In un sabato di fine estate, mentre Milano prova a ritrovare il suo ritmo tra rientri, gite fuori porta e primi impegni di stagione, torna al centro del dibattito un tema molto concreto per famiglie, pendolari e imprese: il bollo auto. L’ipotesi di un’esenzione che in Lombardia riguarderebbe circa 5 milioni di veicoli sta infatti alimentando una polemica politica destinata a far discutere nelle prossime settimane.
La misura, per come emerge dal confronto pubblico, viene letta in modi opposti. Da un lato c’è chi la considera un alleggerimento significativo per una regione dove la mobilità privata resta ancora essenziale, soprattutto nell’hinterland e nelle aree meno servite dal trasporto pubblico. Dall’altro, c’è chi teme un effetto opposto: meno entrate stabili per la Regione e un possibile spostamento verso un modello più centralizzato, con il rischio di ridurre l’autonomia finanziaria locale.
Nel dibattito entra anche un elemento che rende la discussione particolarmente delicata per Milano: il peso della mobilità quotidiana. In città molti cittadini stanno già facendo i conti con il ritorno a scuola, con gli orari degli uffici che riprendono pienamente e con il traffico tipico dell’autunno, quando la circolazione si intensifica e ogni scelta legata ai costi dell’auto ha un impatto immediato sul bilancio familiare.
Il riferimento ai circa 5 milioni di veicoli coinvolti dà la misura del possibile impatto della proposta. Non si tratterebbe, quindi, di una questione marginale, ma di una decisione capace di toccare una larga parte degli automobilisti lombardi, dai residenti di Milano ai tanti che ogni giorno entrano in città da Monza e Brianza, Bergamo, Varese, Como, Pavia e dagli altri territori dell’area metropolitana allargata.

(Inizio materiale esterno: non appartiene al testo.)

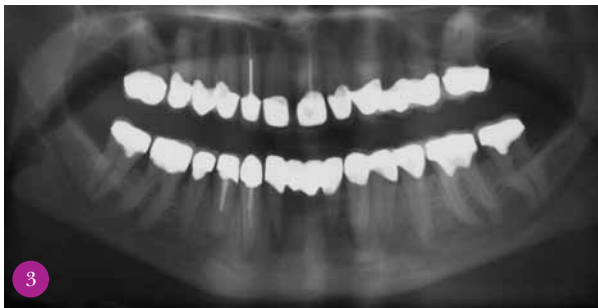
Fig 3 Six dead teeth as a result of the treatment for hyperenamelosis by application of porcelain bonded to metal crowns and bridges.
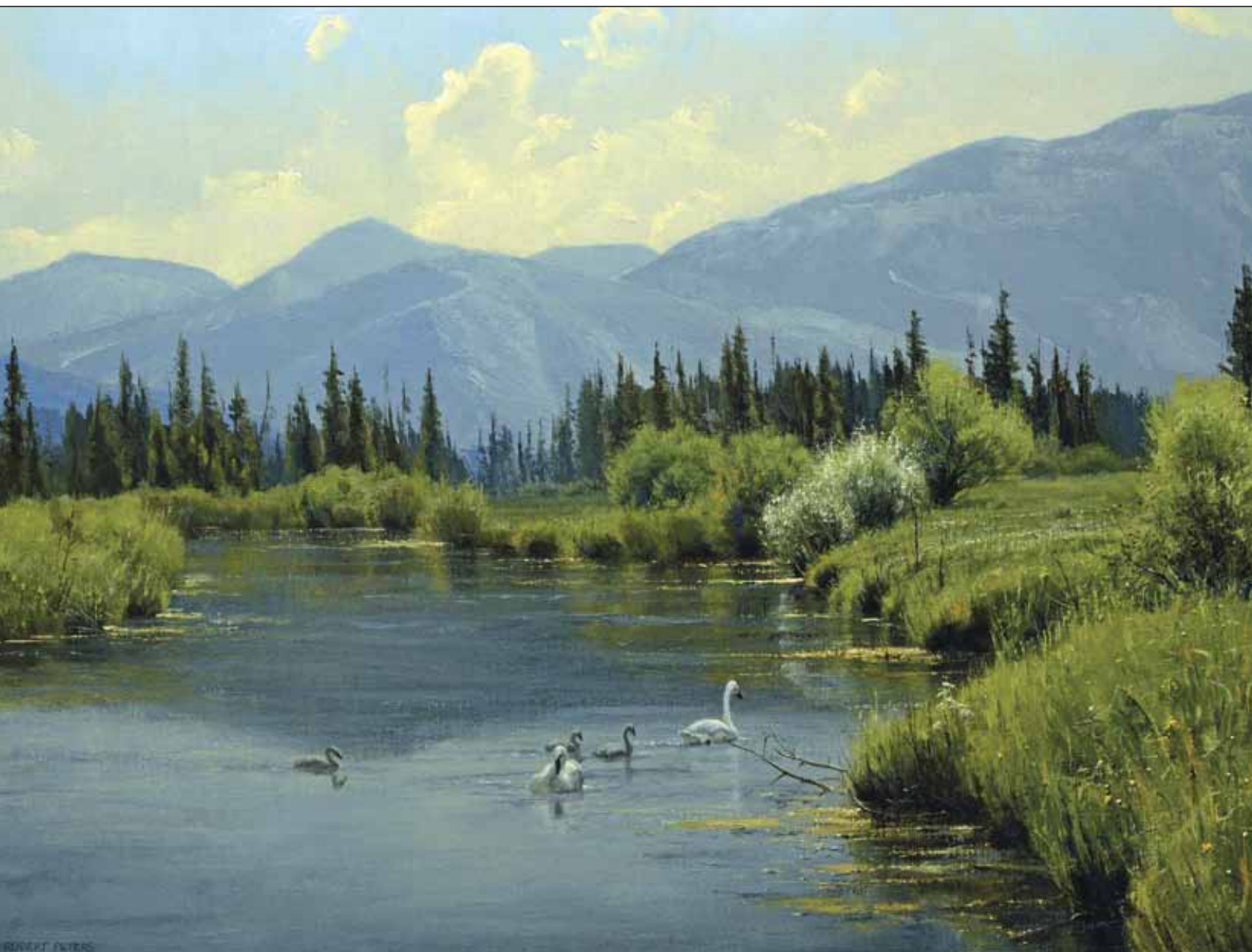
Sweet Day of Summer, oil, 30" by 40"

"This bucolic valley in Idaho surrounds the Snake River, just across the Wyoming border from Teton National Park."

Il nodo politico è soprattutto questo: se una tassa regionale viene alleggerita o cancellata, con quali risorse viene compensata? È il punto sollevato dall’opposizione, che contesta l’idea di perdere un’entrata autonoma per sostituirla con un sistema più accentrato. Una critica che si inserisce in un confronto più ampio sul rapporto tra autonomia territoriale, servizi pubblici e capacità di programmare spesa e investimenti.
Per i cittadini, però, la discussione resta molto concreta. Il bollo è una voce che pesa a inizio anno e che spesso viene percepita come una delle imposte meno “visibili” ma più regolari del bilancio domestico. In un periodo in cui il costo della vita resta al centro delle preoccupazioni, qualsiasi ipotesi di risparmio viene osservata con interesse. Al tempo stesso, non mancano i dubbi su equità, coperture e conseguenze future per il sistema regionale.
Milano e la Lombardia vivono già da anni un confronto acceso sul tema dell’auto: dalle restrizioni ambientali alle Ztl, dai parcheggi alle alternative di trasporto pubblico, fino alla crescente attenzione per mezzi condivisi e mobilità sostenibile. In questo quadro, una revisione del bollo non avrebbe solo un significato fiscale, ma anche simbolico: toccherebbe il modo in cui si finanzia e si orienta la mobilità sul territorio.
Per ora il dossier resta aperto, ma il segnale politico è chiaro: qualunque intervento sul bollo in Lombardia avrà effetti ben oltre i numeri di bilancio. E proprio per questo la discussione promette di accompagnare l’autunno milanese, tra rientro in città, spostamenti quotidiani e nuove priorità economiche per famiglie e imprese.